Substituting the expression for $x_{2}$ :

x_{3} = H (H x_{1}) = H^{2} x_{1}

The total rotation from the first view to the third view is $R \cdot R = R^{2}$ . A rotation by an angle $θ$ followed by another rotation by $θ$ around the same axis results in a total rotation by $2 θ$ . Therefore, the homography corresponding to a rotation of $2 θ$ is indeed $H^{2}$ .

Q6: Dense Visual Odometry

Question

The photometric error for Dense-VO is given as $\sum_{x \in I_{1}} | | I_{1} (x) - I_{2} (w (x, (R | t))) | |^{2}$ . Assuming the depth $d$ of a point $x$ in image $I_{1}$ is known, (a) describe the steps to map this point to the second image and provide an expression for the warping function $w (x, (R | t))$ . (b) What is the nature of this error and how can it be solved?

Solution

(a) The Warping Function $w (x, (R | t))$

The function $w$ maps a pixel coordinate $x$ from the first image ( $I_{1}$ ) to its corresponding pixel coordinate in the second image ( $I_{2}$ ) given the relative camera motion ${R, t}$ and the pixel's depth $d$ . The steps are:

Back-projection to 3D: First, we lift the 2D pixel $x$ (in homogeneous coordinates) back into a 3D point $X$ in the first camera's coordinate frame.
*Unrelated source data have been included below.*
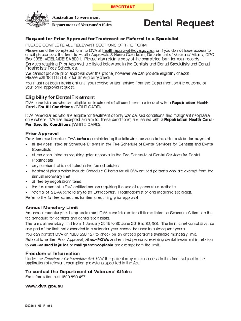DVA Dental Request PDF Dentist Dentistry
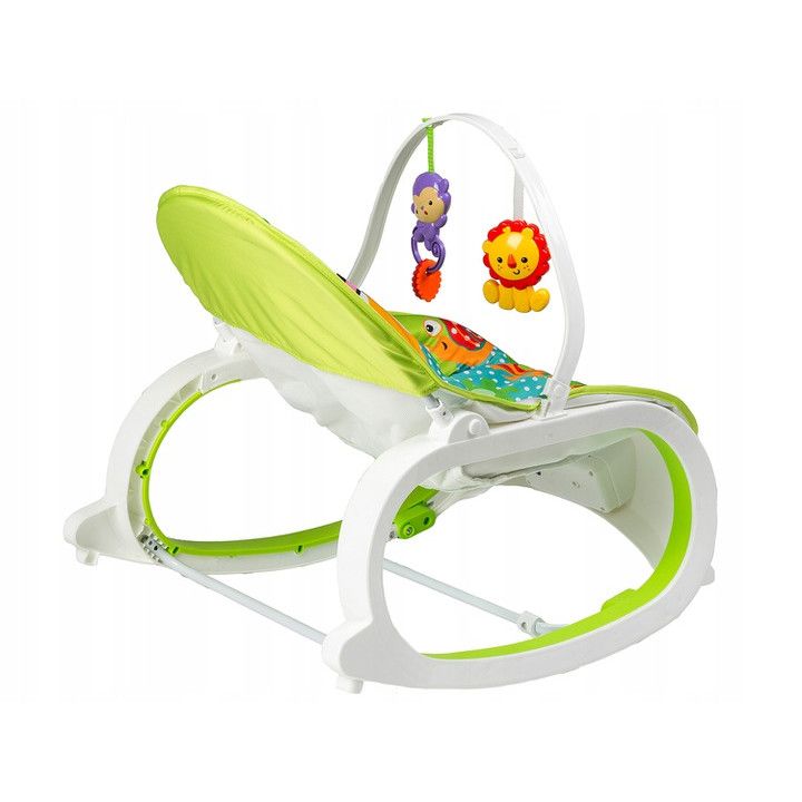 Balansoar si Scaun 3 in 1 cu Vibratii Relaxante, 'Happy Jungle', 8 Melodii, Bara de Activitati cu Jucarii, Husa detasabila si lavabila, Centuri de Siguranta, 0-18 kg
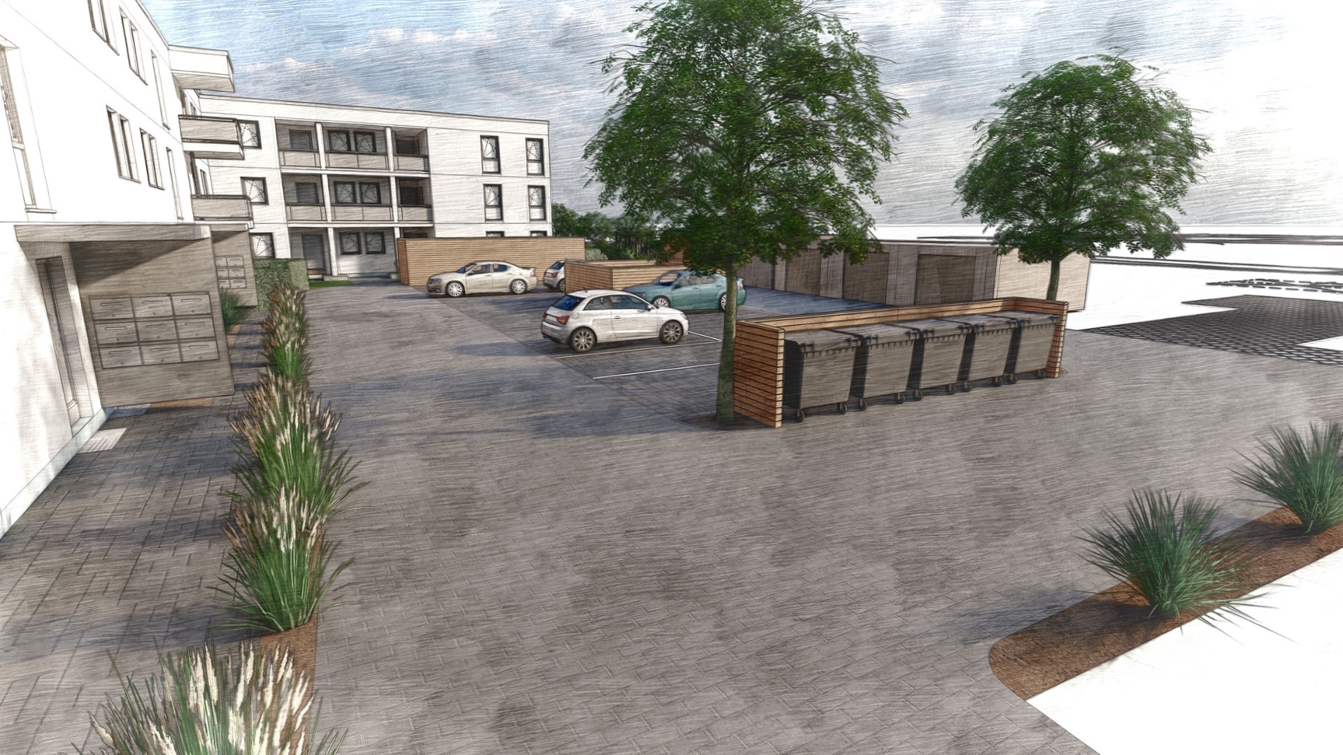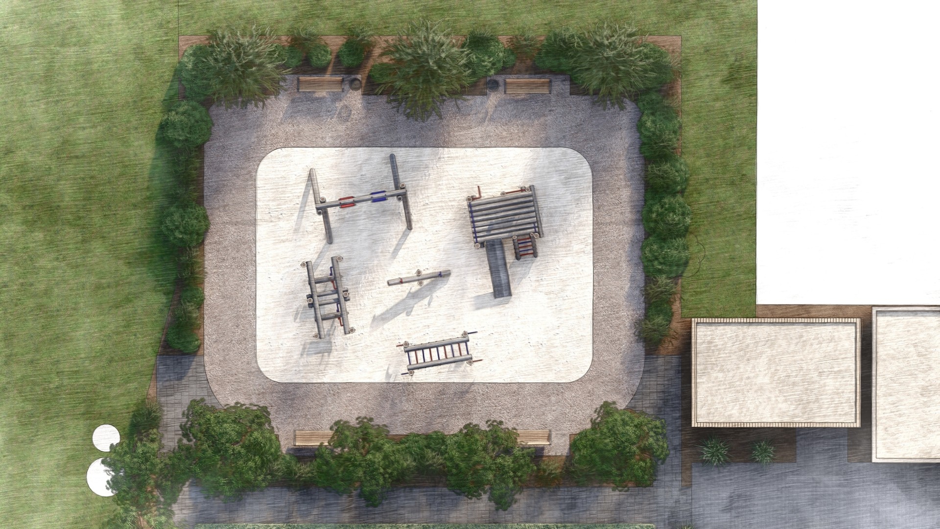 Dabei wurde besonderes Augenmerk auf die Verknüpfung von Verkehrsflächen, Aufenthaltsbereichen und Spielplatzzonen gelegt, sodass sowohl die funktionale als auch die ästhetische Wirkung des Außenraums frühzeitig erkennbar ist.
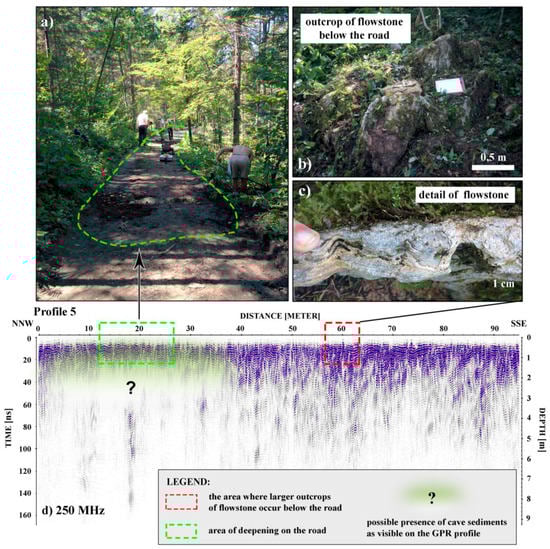 (a) Roadwork, where slightly deepened areas need to be filled with coarse-grained material to keep the road in function; (b) Large outcrops of flowstone occur below the road; (c) A detail of flowstone structure; (d) In the radargram of Profile 5, the area of the possible presence of cave sediments is not as obvious as in other profiles.
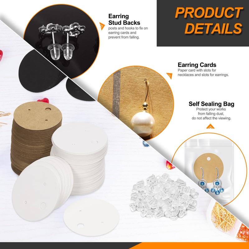 ➤ Rustark Round Paper Earring Display Cards Kit for Hanging Earrings Packaging with Earring Holder Cards, Silicone Earring Backs, Self-Sealing Bags
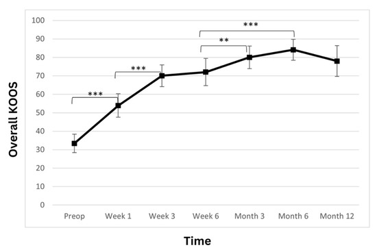 Overall Knee Injury and Osteoarthritis Outcome Score (KOOS) significantly improved. The improvement is linear during the first 3 weeks, and the improvement continues until the 6-month time point, when a slight reduction is observed. However, the score remains high at the 12-month time point (** p < 0.01, *** p < 0.001).
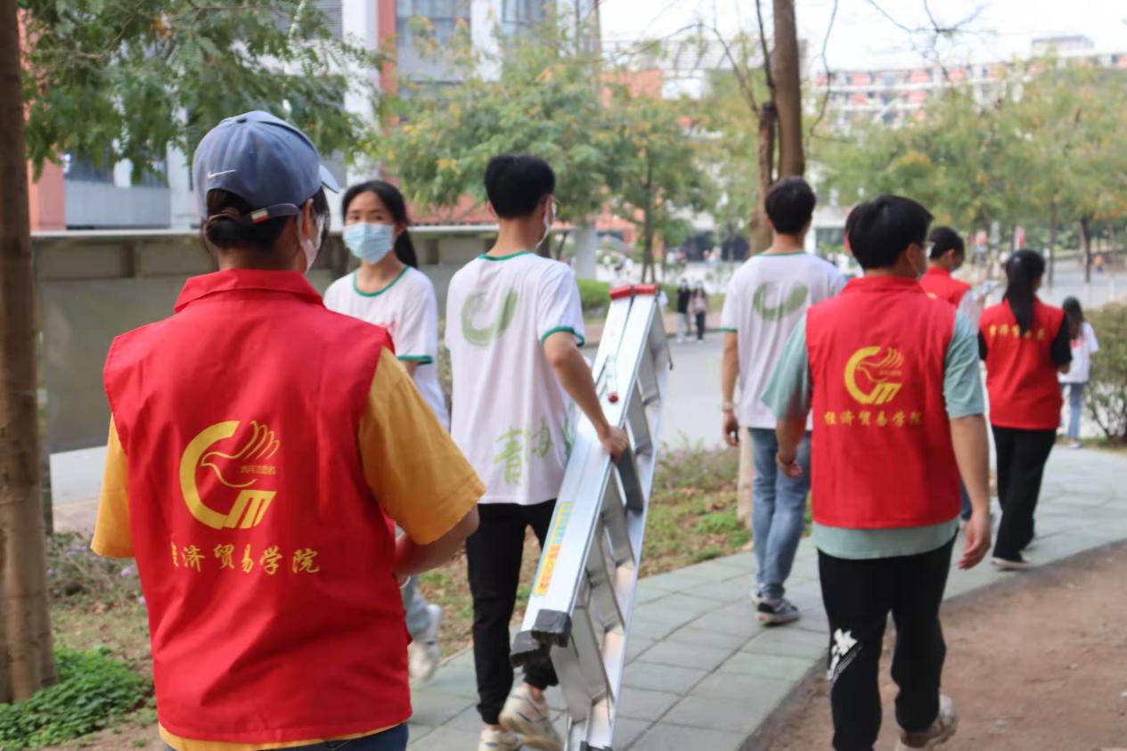 13:30活动负责人在子勤书院5号楼向志愿者讲述清洗风扇的注意事项。并由带队干事带领着志愿者前往经贸女生宿舍,志愿者身穿红色马甲,肩扛梯子,手拿抹布,在路上形成了一道靓丽的风景线。

This is done by inverting the pinhole camera projection equation, using the known intrinsic matrix K and depth $d$ .
$X = d \cdot K^{- 1} x$
Transform to Second Camera Frame: Next, we transform this 3D point $X$ into the coordinate system of the second camera using the rigid body motion ${R, t}$ .
$X^{'} = R X + t$
Re-projection to 2D: Finally, we project the transformed 3D point $X^{'}$ back onto the image plane of the second camera using the intrinsic matrix K.
$x^{'} = K X^{'}$

Combining these steps gives the full mathematical expression for the warping function $w (x, (R | t))$ :

w (x, (R | t)) = K (d \cdot R K^{- 1} x + t)

(b) Nature of the Photometric Error and its Solution

The photometric error is the difference in intensity values between a pixel in the first image and its corresponding warped location in the second image. This error function is non-linear and non-convex with respect to the motion parameters R and t.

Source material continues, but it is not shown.